To Kiss or Not To Kiss: Should You Let Your Dog Kiss Your Face?

October 9, 2017

You just punched out of a long shift at your workplace or ran an errand for five minutes and there is no greater feeling than walking in the door upon your return to that affectionate although slobbery greeting from the four-legged member(s) of your family! Sometimes that greeting includes an ear scratch, leg bump, or a big old kiss in the form of your dogs tongue sweeping across your face! Endearing? Yes. Cute? Yes. Unsanitary? Definitely. Animal experts around the globe are in agreement on one scientifically proven fact: It is highly unsanitary for your dog to lick around your face, eyes, and nose! Dogs have been proven to carry various bacteria in their mouths that can be beneficial or non-effective to their overall health. Most of these bacteria however, are not meant to be absorbed by the human body through thin membranes such as our eyes, nose and mouth. Throughout this article, we will explore and outline the reasons why you should not let your dog kiss your face or other exposed areas such as wounds along with the potential consequences of having frequent licks from your furry companion.

Why Do Dogs Show Affection in the Form of a Kiss?

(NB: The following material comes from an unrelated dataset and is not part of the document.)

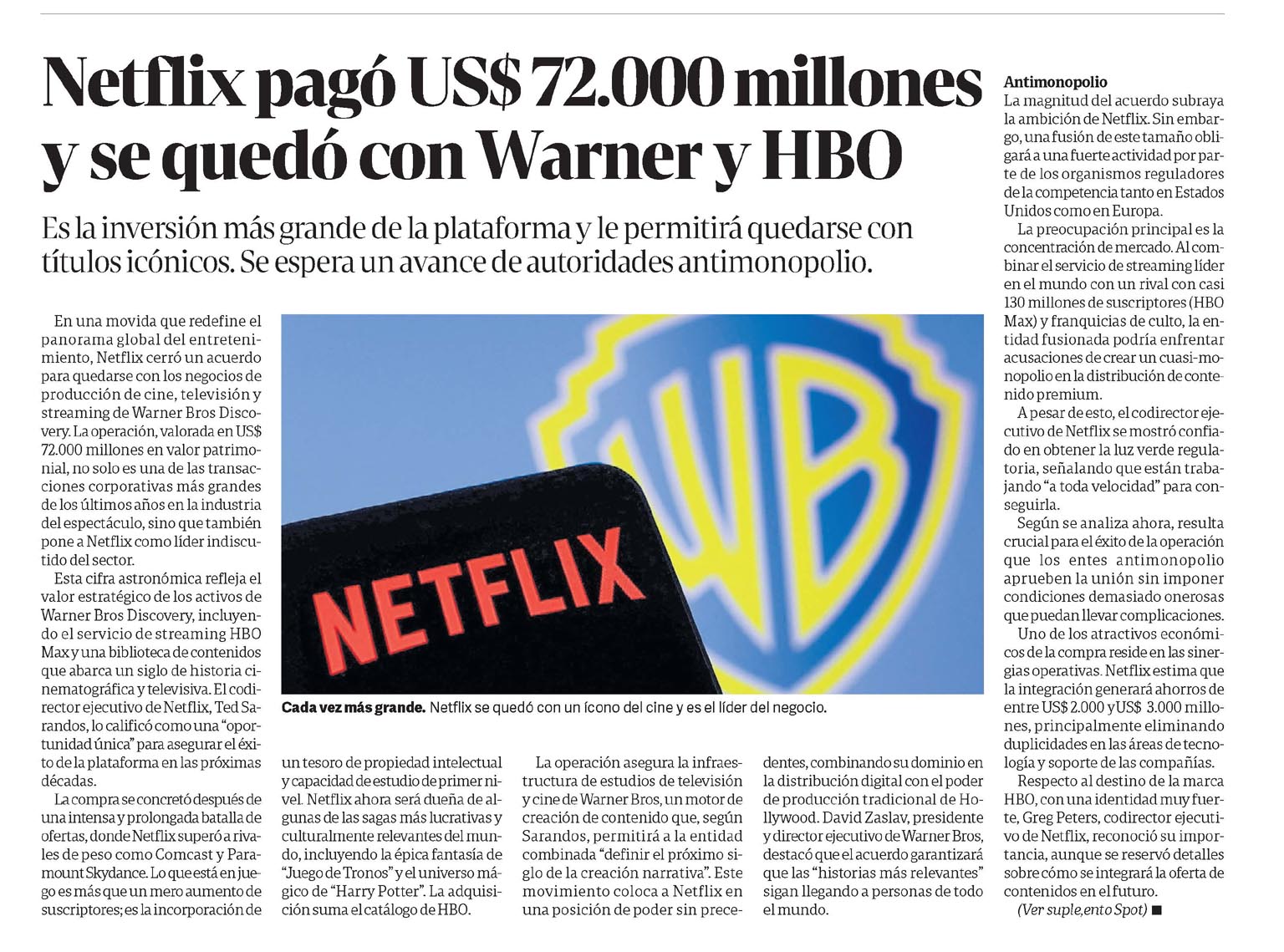 Netflix pagó US$ 72.000 millones y se quedó con Warner y HBO Es la inversión más grande de la plataforma y le permitirá quedarse con títulos icónicos. Se espera un avance de autoridades antimonopolio. En una movida que redefine el panorama global del entretenimiento, Netflix cerró un acuerdo para quedarse con los negocios de producción de cine, televisión y streaming de Warner Bros Discovery. La operación, valorada en US$ 72.000 millones en valor patrimonial, no solo es una de las transacciones corporativas más grandes de los últimos años en la industria del espectáculo, sino que también pone a Netflix como líder indiscutido del sector. Esta cifra astronómica refleja el valor estratégico de los activos de Warner Bros Discovery, incluyendo el servicio de streaming HBO Max y una biblioteca de contenidos que abarca un siglo de historia cinematográfica y televisiva. El codirector ejecutivo de Netflix, Ted Sarandos, lo calificó como una "oportunidad única" para asegurar el éxito de la plataforma en las próximas décadas. La compra se concretó después de una intensa y prolongada batalla de ofertas, donde Netflix superó a rivales de peso como Comcast y Paramount Skydance. Lo que está en juego es más que un mero aumento de suscriptores; es la incorporación de un tesoro de propiedad intelectual y capacidad de estudio de primer nivel. Netflix ahora será dueña de algunas de las sagas más lucrativas y culturalmente relevantes del mundo, incluyendo la épica fantasía de "Juego de Tronos" y el universo mágico de "Harry Potter". La adquisición suma el catálogo de HBO. La operación asegura la infraestructura de estudios de televisión y cine de Warner Bros, un motor de creación de contenido que, según Sarandos, permitirá a la entidad combinada "definir el próximo siglo de la creación narrativa". Este movimiento coloca a Netflix en una posición de poder sin precedentes, combinando su dominio de la distribución digital con el poder de producción tradicional de Hollywood. David Zaslav, presidente y director ejecutivo de Warner Bros, destacó que el acuerdo garantizará que las "historias más relevantes" sigan llegando a personas de todo el mundo. Cada vez más grande. Netflix se quedó con un ícono del cine y es el líder del negocio. Antimonopolio La magnitud del acuerdo subraya la ambición de Netflix. Sin embargo, una fusión de este tamaño obligará a una fuerte actividad por parte de los organismos reguladores de la competencia tanto en Estados Unidos como en Europa. La preocupación principal es la concentración de mercado. Al combinar el servicio de streaming líder en el mundo con un rival con casi 130 millones de suscriptores (HBO Max) y franquicias de culto, la entidad fusionada podría enfrentar acusaciones de crear un cuasi-monopolio en la distribución de contenido premium. A pesar de esto, el codirector ejecutivo de Netflix se mostró confiado en obtener la luz verde regulatoria, señalando que están trabajando "a toda velocidad" para conseguirla. Según se analiza ahora, resulta crucial para el éxito de la operación que los entes antimonopolio aprueben la unión sin imponer condiciones demasiado onerosas que puedan llevar complicaciones. Uno de los atractivos económicos de la compra reside en las sinergias operativas. Netflix estima que la integración generará ahorros de entre US$ 2.000 y US$ 3.000 millones, principalmente eliminando duplicidades en las áreas de tecnología y soporte de las compañías. Respecto al destino de la marca HBO, con una identidad muy fuerte, Greg Peters, codirector ejecutivo de Netflix, reconoció su importancia, aunque se reservó detalles sobre cómo se integrará la oferta de contenidos en el futuro. (Ver suple,ento Spot) Menciones: Ceco1 cfinanE 64ne

According to Ceasar Millan, licking behaviour(s) stem from ingrained personality traits bred through canines as a means of communication, bonding, grooming, or even psychological problems. Mother dogs show affection to their puppies in a variety of ways to create biological bonds and they use licking as one tool from the moment of birth. The mother dog will “wake” their puppies from their post-partum state through licks, use this method to groom puppies and even teach bathroom functions. They will also feed puppies’ solid food through regurgitation licked by the young until they can digest it on their own.

Another way kisses or licks is used as a bonding tool is when two dogs meet each other, either for the first or 1000th time. Dogs will initiate a “feeling out” period and then respond with a tense posture (when they are mistrusting or wary of each other) or an enthusiastic bark combined with a lick on either the face or other area of the opposing animal. Dogs also use these displays of affection to show submission to their pack master or to let them know they are hungry, thirsty, etc. Domestic house dogs view their owner(s) as their pack master so the ingrained behaviours are communicated in the same ways.

Dogs who show signs of excessive licking towards humans or objects can also be disguising deeper mental problems. Such issues could be separation anxiety (the fear of being alone) or being nervous in their surroundings due to noise, crowds, smells etc.

Why Not to Kiss?

Dr. Neilanjan Nandi, has stated that a dog’s mouth is host to “an enormous oral microbiome of bacteria, viruses and yeast.” The term “zoonotic” is frequently used to describe the bacteria that reside in your dog’s mouth that is able to be passed on to humans and cause disease.

A dog spends the majority of their time nosing around in areas where they shouldn’t or we wouldn’t even think to take a healthy sniff! The majority of humans would not nose around another person’s rear end (feces) or take a whiff/taste of some random garbage left on a sidewalk, or take a refreshing drink from the toilet bowl (one can assume) but your dog? They definitely would exhibit one if not all these behaviours. This means that not only is your dog’s mouth a host to these bacteria but their muzzles can be as well. Additional bacteria are also transferred when your dog takes a moment to wrap their tongues around their muzzle for a quick cleanup!

The Dangers of Your Dog’s Kisses

The top five bacteria that could be transferred through the face and/or mouth are outlined in a short summary below:

1. Capnocytophaga Canimorsus: An organism carried in the mouths of dogs, and it causes a very bad sepsis infection.

2. Staphylococcus Aureu (Staph Infection): The majority of time your dog can safely carry this virus strain without it affecting their overall health, but when transferred to a human it can have life-threatening consequences.

3. Ringworm or Hookworm: Can cause either painful itchy infections or inflammation, or even intestinal bleeding depending on the point of entry.

4. E.Coli: A potentially fatal bacterial disease with symptoms ranging from diarrhea to nausea to intestinal bleeding.

5. Salmonella: A painful bacterial disease that can cause diarrhea, intestinal cramping, nausea and vomiting.

Conclusion

Dog’s are generally affectionate lovable creatures and we would never want to discourage or diminish that side of their personalities because the feeling of walking in the door and getting a hero’s greeting is a confidence booster one thoroughly enjoys. Setting boundaries, however, in how our dogs display that affection can be beneficial to all the involved parties.